(CNN) — President Donald Trump pardoned two men on Tuesday who were involved in a dispute with federal authorities over federal land usage that sparked the takeover of a wildlife refuge in Oregon.

Dwight Hammond Jr. and his son Steven Hammond were granted executive grants of clemency by Trump, according to a White House statement. The father-son duo are cattle ranchers and were convicted in 2012 of committing arson on federal lands in Oregon.

“Justice is overdue for Dwight and Steven Hammond, both of whom are entirely deserving of these Grants of Executive Clemency,” the statement read.

Kim Rollims, 64, holds a sign in support of the Hammond Family in front of the Harney County Chamber of Commerce January 27, 2016 in Burns, Oregon.
Authorities called January 27, 2016 on anti-government protesters refusing to leave a US federal wildlife reserve in Oregon to “move on,” after a member of the group was killed as police tried to arrest him.
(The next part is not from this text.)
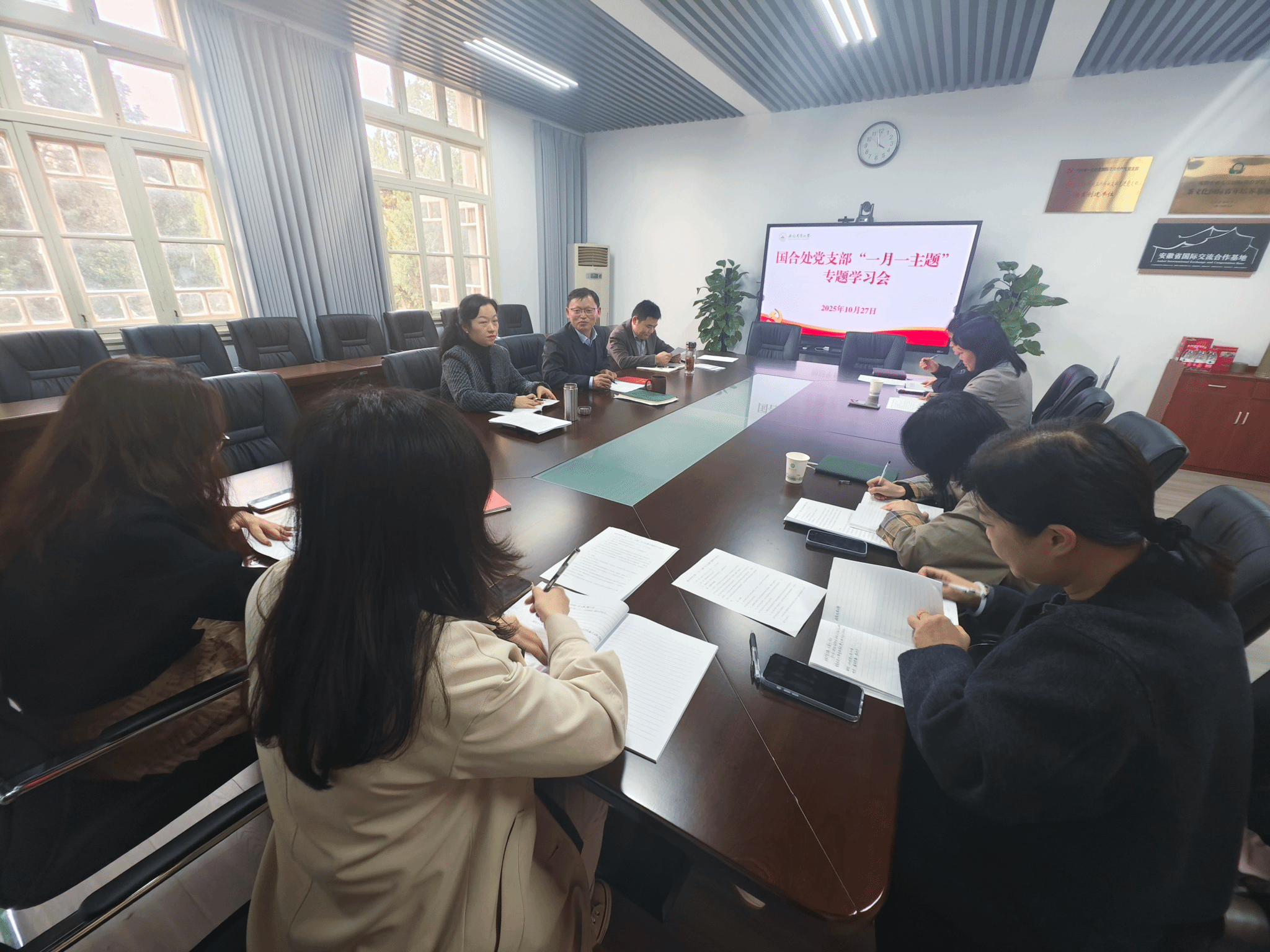 10月27日下午,国合处党支部在勤政楼国合处会议室召开“一月一主题”专题学习会。会议由党支部书记李大祥主持,国合处副处长丁惠和马超列席会议。

The gunmen originally took over the reserve in protest at the jailing of two local ranchers, Dwight Hammond and his son Steven, who were convicted of arson. (Photo credit: ROB KERR/AFP/Getty Images)

The Trump White House took aim at the Obama administration as well, adding that it filed an “overzealous appeal” that led to the two men’s five-year prison sentence: “This was unjust.”
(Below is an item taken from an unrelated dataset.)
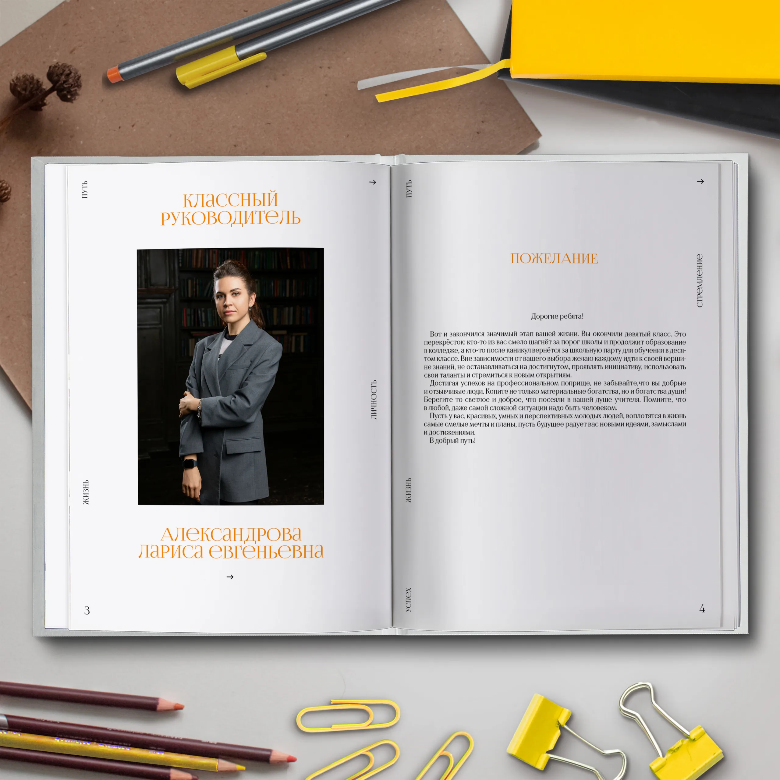 4ый разворот и далее — личные страницы учеников с личной характеристикой

Dwight Hammond has served approximately three years in prison, and his son Steven has served four years, according to the White House.

The Hammonds said they started a fire on their property in 2001 to protect it from wildfires and reduce the growth of invasive plants, but that the fire got out of hand, CNN affiliate KTVZ reported. Prosecutors said in 2016 they set fires to cover up evidence of poaching.

“The jury convicted both of the Hammonds of using fire to destroy federal property for a 2001 arson known as the Hardie-Hammond fire, located in the Steens Mountain Cooperative Management and Protection Area,” Department of Justice said in a statement in January 2016.

The perceived unjust sentence for the Hammonds inspired Ammon Bundy to lead an armed standoff in early 2016, when a group of armed men broke into the headquarters of the Malheur National Wildlife Refuge in Oregon.

Ammon Bundy(C), leader of an armed anti-government militia, makes a statement at a news conference at the Malheur National Wildlife Refuge Headquarters near Burns, Oregon January 5, 2016. The occupation of a wildlife refuge by armed protesters in Oregon reflects a decades-old dispute over land rights in the United States, where local communities have increasingly sought to take back federal land. While the standoff in rural Oregon was prompted by the jailing of two ranchers convicted of arson, experts say the issue at the core of the dispute runs much deeper and concerns grazing or timber rights as well as permits to work mines on government land in Western states. (Photo credit: ROB KERR/AFP/Getty Images)

At the time, Bundy told CNN that he wanted the federal government to relinquish control of the wildlife refuge so “people can reclaim their resources.” He also wanted an easier sentence for Dwight and Steven Hammond, who had both previously rejected his assistance.

The occupation resulted in the death of one man, LaVoy Fincicum, who was shot and killed by Oregon State Police troopers when he drove his truck at a roadblock while trying to escape the refuge. Bundy was also arrested in a different vehicle that peacefully surrendered to police.

The standoff lasted 41 days until the last holdout inside the refuge surrendered in February 2016.